11 releases (4 breaking)
| 0.5.0 | Mar 21, 2026 |
|---|---|
| 0.4.2 | Mar 14, 2026 |
| 0.3.0 | Feb 23, 2026 |
| 0.2.3 | Feb 22, 2026 |
| 0.1.2 | Feb 22, 2026 |
#153 in Audio
141 downloads per month
Used in qwen-asr-cli
320KB
7K
SLoC
qwen_asr
CPU-only Qwen3-ASR speech recognition in pure Rust. No Python, no ONNX runtime,
no framework dependencies — just libc and BLAS. BF16 weights stay memory-mapped
for minimal RAM usage; SIMD kernels (NEON / AVX2+FMA) accelerate inference.
Prerequisites
- Rust 1.70+
- BLAS: Accelerate (macOS, linked automatically) or OpenBLAS (Linux)
Building
Platform-specific optimizations are detected automatically at compile time:
| Platform | BLAS | SIMD |
|---|---|---|
| macOS (Apple Silicon) | Accelerate + vDSP | NEON (always available) |
| macOS (Intel) | Accelerate + vDSP | AVX2+FMA |
| Linux (x86_64) | OpenBLAS | AVX2+FMA |
| Linux (aarch64) | OpenBLAS | NEON |
| Other | OpenBLAS | Generic scalar fallback |
For best performance, build with native CPU tuning so the compiler can emit AVX2+FMA instructions on x86_64:
RUSTFLAGS="-C target-cpu=native" cargo build --release
On AArch64 (Apple Silicon, ARM Linux) NEON is baseline — no extra flags needed,
though -C target-cpu=native is still recommended for other micro-architecture
tuning.
Important: Always use --release mode. Debug builds are 10-50x slower due
to missing optimizations and are not usable for real-time inference.
Model Download
# Install huggingface-cli if needed
pip install huggingface_hub
# Download the 0.6B model (~1.3 GB)
huggingface_hub download Qwen/Qwen3-ASR-0.6B --local-dir qwen3-asr-0.6b
# Download the 0.6B forced-aligner model (~1.3 GB)
huggingface_hub download Qwen/Qwen3-ASR-0.6B-Aligner --local-dir qwen3-aligner-0.6b
Usage
use qwen_asr::context::QwenCtx;
use qwen_asr::transcribe;
fn main() {
// Load model (returns None on failure)
let mut ctx = QwenCtx::load("qwen3-asr-0.6b").expect("failed to load model");
// Transcribe a WAV file
let text = transcribe::transcribe(&mut ctx, "audio.wav").unwrap();
println!("{}", text);
}
Segmented Mode
For long audio files, split into overlapping segments to reduce memory usage and improve accuracy:
use qwen_asr::context::QwenCtx;
use qwen_asr::transcribe;
let mut ctx = QwenCtx::load("qwen3-asr-0.6b").unwrap();
ctx.segment_sec = 30.0; // split every ~30 seconds
let text = transcribe::transcribe(&mut ctx, "long-meeting.wav").unwrap();
Raw PCM Input
use qwen_asr::context::QwenCtx;
use qwen_asr::transcribe;
let mut ctx = QwenCtx::load("qwen3-asr-0.6b").unwrap();
// f32 samples at 16 kHz, mono, range [-1, 1]

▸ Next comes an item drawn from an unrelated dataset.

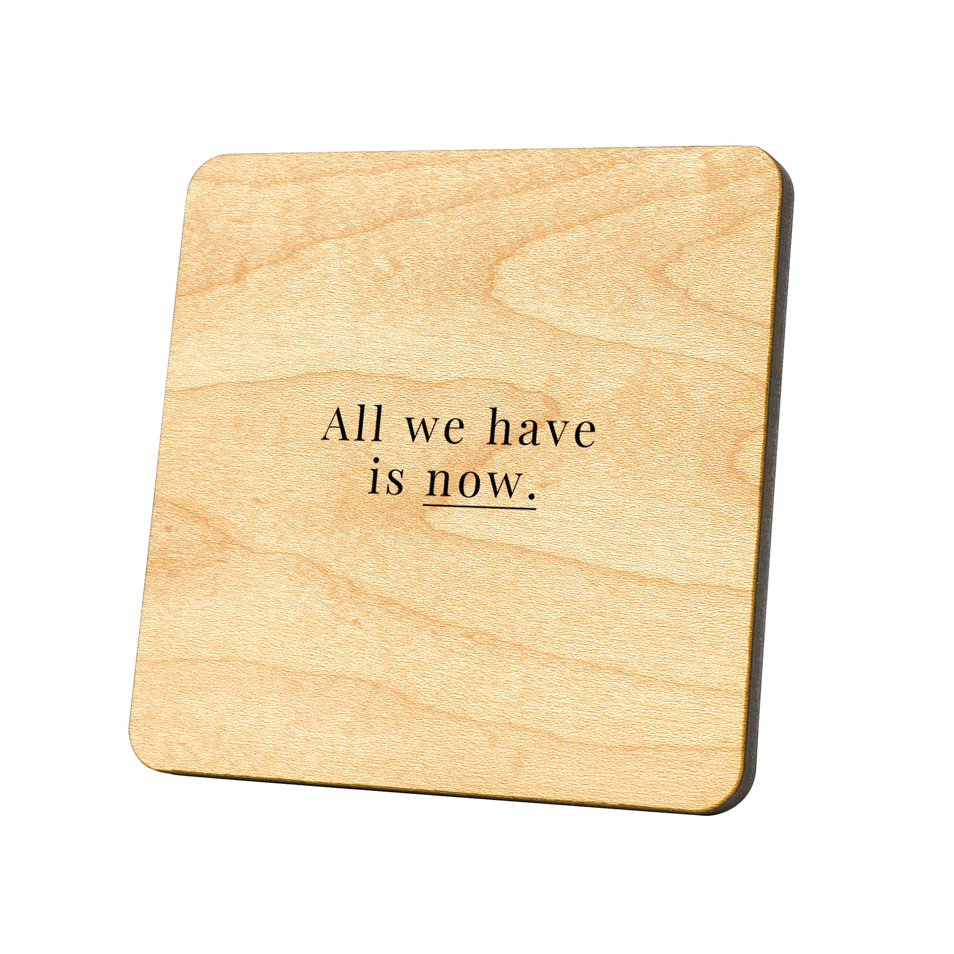 Wood has a satin finish with a magnet backing which can be used as a coaster or a magnet. Dimensions: 3.5" x 3.5"

let samples: Vec<f32> = load_audio_somehow();
let text = transcribe::transcribe_audio(&mut ctx, &samples).unwrap();
Streaming API
For real-time incremental transcription, use StreamState and stream_push_audio:
use qwen_asr::context::QwenCtx;
use qwen_asr::transcribe::{StreamState, stream_push_audio};
let mut ctx = QwenCtx::load("qwen3-asr-0.6b").unwrap();
let mut state = StreamState::new();
// As audio arrives (e.g., from a microphone), accumulate samples
let mut all_samples: Vec<f32> = Vec::new();
loop {
let new_audio = get_audio_chunk(); // your audio source
all_samples.extend_from_slice(&new_audio);
// Push all accumulated audio; stream_push_audio tracks its own cursor
if let Some(delta) = stream_push_audio(&mut ctx, &all_samples, &mut state, false) {
if !delta.is_empty() {
print!("{}", delta); // incremental output
}
}
}
// Finalize to flush remaining tokens
stream_push_audio(&mut ctx, &all_samples, &mut state, true);
Forced Alignment
Produce word-level timestamps for a known transcript. Requires the
ForcedAligner model variant (Qwen3-ASR-0.6B-Aligner).
use qwen_asr::context::QwenCtx;
use qwen_asr::align;
let mut ctx = QwenCtx::load("qwen3-aligner-0.6b").unwrap();
let samples: Vec<f32> = load_audio_somehow();
let results = align::forced_align(&mut ctx, &samples, "Hello world", "English")
.expect("alignment failed");
for r in &results {
println!("{}: {:.0} ms – {:.0} ms", r.text, r.start_ms, r.end_ms);
}
CLI:
qwen-asr -d qwen3-aligner-0.6b -i audio.wav --align "Hello world" --align-language English
Each AlignResult contains the word text, start_ms, and end_ms timestamps.
For CJK languages the text is split at character level; for others it is split on
whitespace.
Feature Flags
| Feature | Default | Description |
|---|---|---|
blas |
yes | Link Accelerate (macOS) or OpenBLAS (Linux) for matrix ops |
vdsp |
yes | Use vDSP/vForce from Accelerate for dot products and exp (macOS only) |
ios |
no | Build C-FFI API for iOS integration |
android |
no | Build C-FFI + JNI API for Android integration |
Performance
Benchmarks on Apple M2 Pro (10-core), 0.6B model:
| Mode | Audio | Wall Time | Realtime Factor |
|---|---|---|---|
| Offline | 11 s | 1.8 s | 6.2x |
| Offline | 28 s | 4.0 s | 7.0x |
| Segmented (-S 30) | 45 s | 4.6 s | 9.8x |
| Streaming | 28 s | 10.4 s | 2.7x |
| Streaming (live) | 51 s | 14.1 s | 3.6x |
License
MIT